- **Dataset content**:
↓↓↓

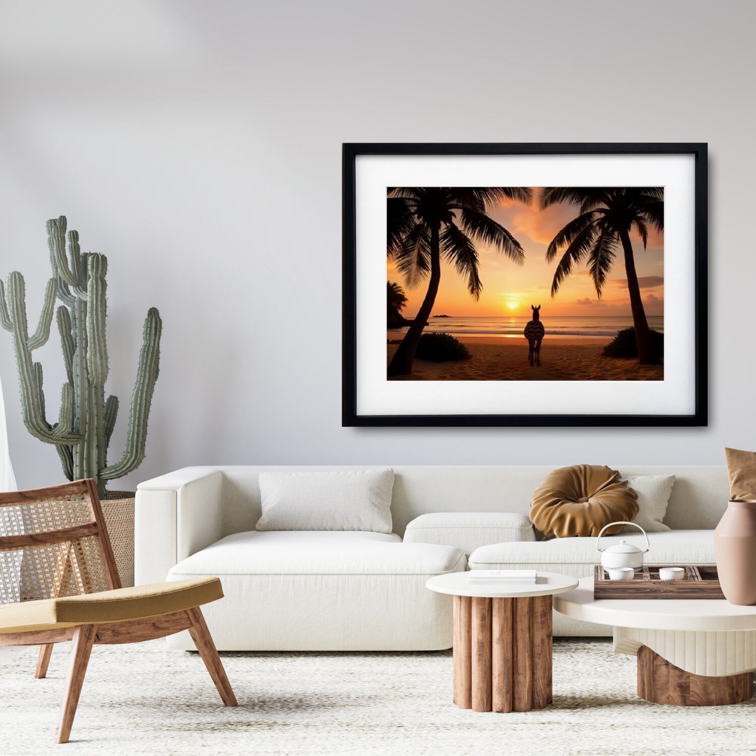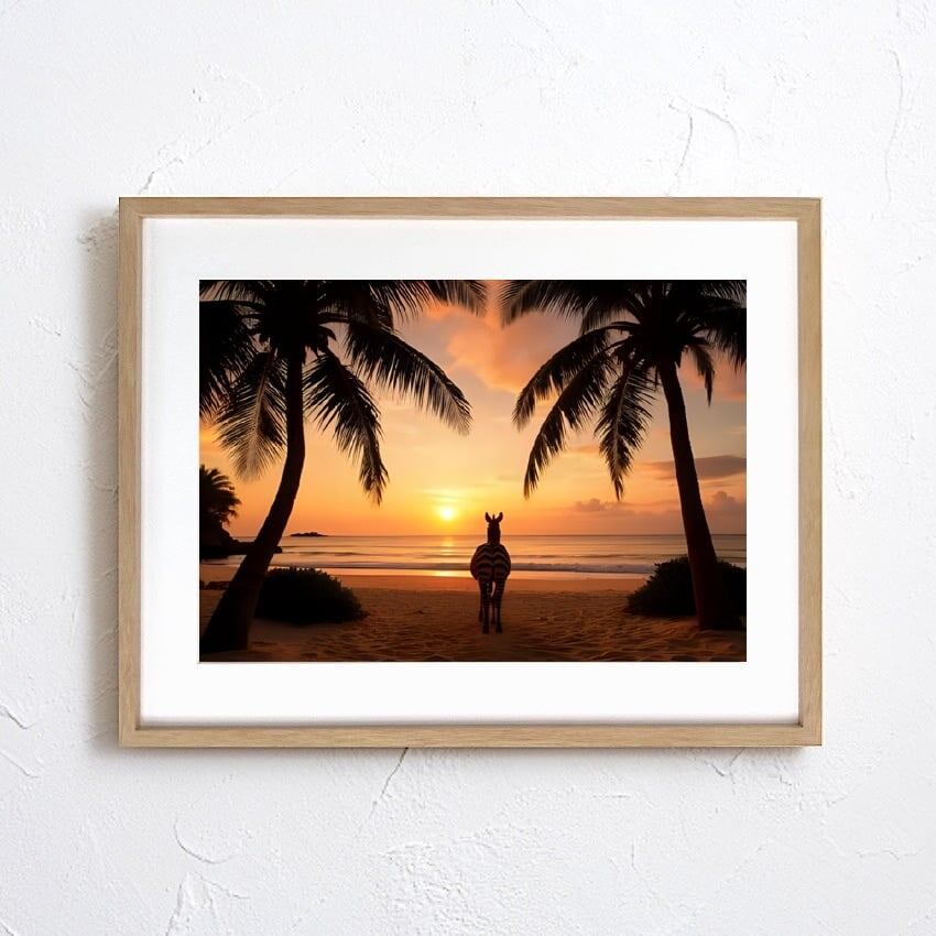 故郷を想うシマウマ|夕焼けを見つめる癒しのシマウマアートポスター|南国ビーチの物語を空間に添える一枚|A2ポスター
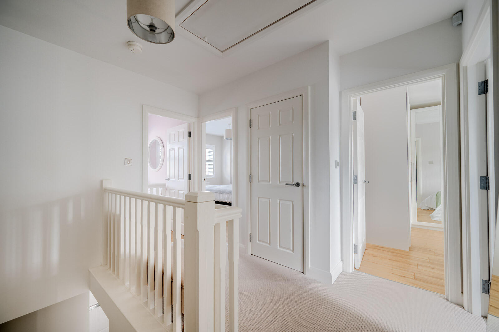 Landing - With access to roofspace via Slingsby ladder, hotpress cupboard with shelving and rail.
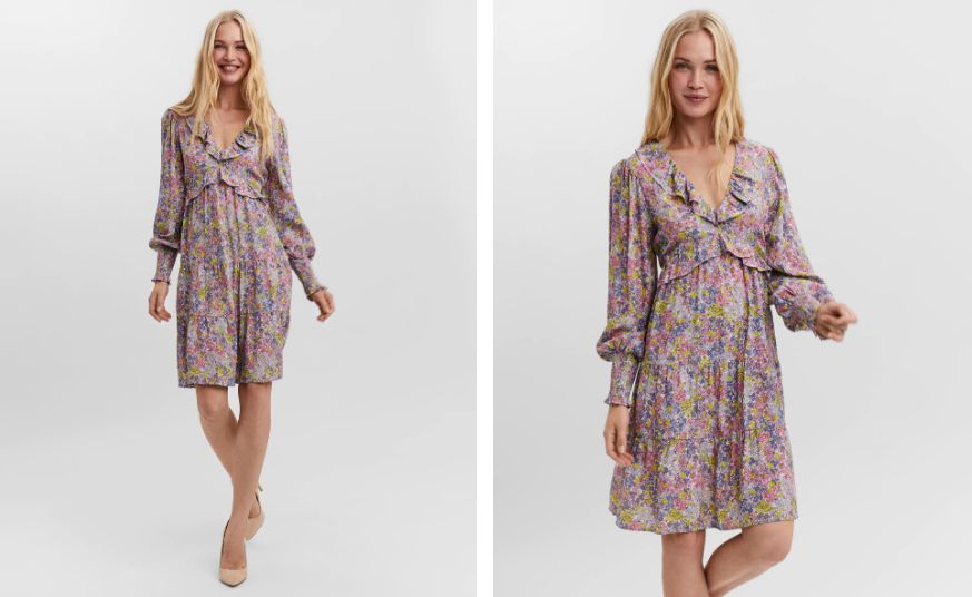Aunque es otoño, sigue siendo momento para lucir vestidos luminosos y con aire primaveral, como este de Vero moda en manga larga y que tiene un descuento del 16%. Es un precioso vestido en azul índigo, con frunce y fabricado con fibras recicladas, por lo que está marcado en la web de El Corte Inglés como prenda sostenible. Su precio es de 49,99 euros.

↑↑↑

- **Exercise objective**:
Give back the data exactly. Skip any images.

- **Solution**:
 故郷を想うシマウマ|夕焼けを見つめる癒しのシマウマアートポスター|南国ビーチの物語を空間に添える一枚|A2ポスター
 Landing - With access to roofspace via Slingsby ladder, hotpress cupboard with shelving and rail.
Aunque es otoño, sigue siendo momento para lucir vestidos luminosos y con aire primaveral, como este de Vero moda en manga larga y que tiene un descuento del 16%. Es un precioso vestido en azul índigo, con frunce y fabricado con fibras recicladas, por lo que está marcado en la web de El Corte Inglés como prenda sostenible. Su precio es de 49,99 euros.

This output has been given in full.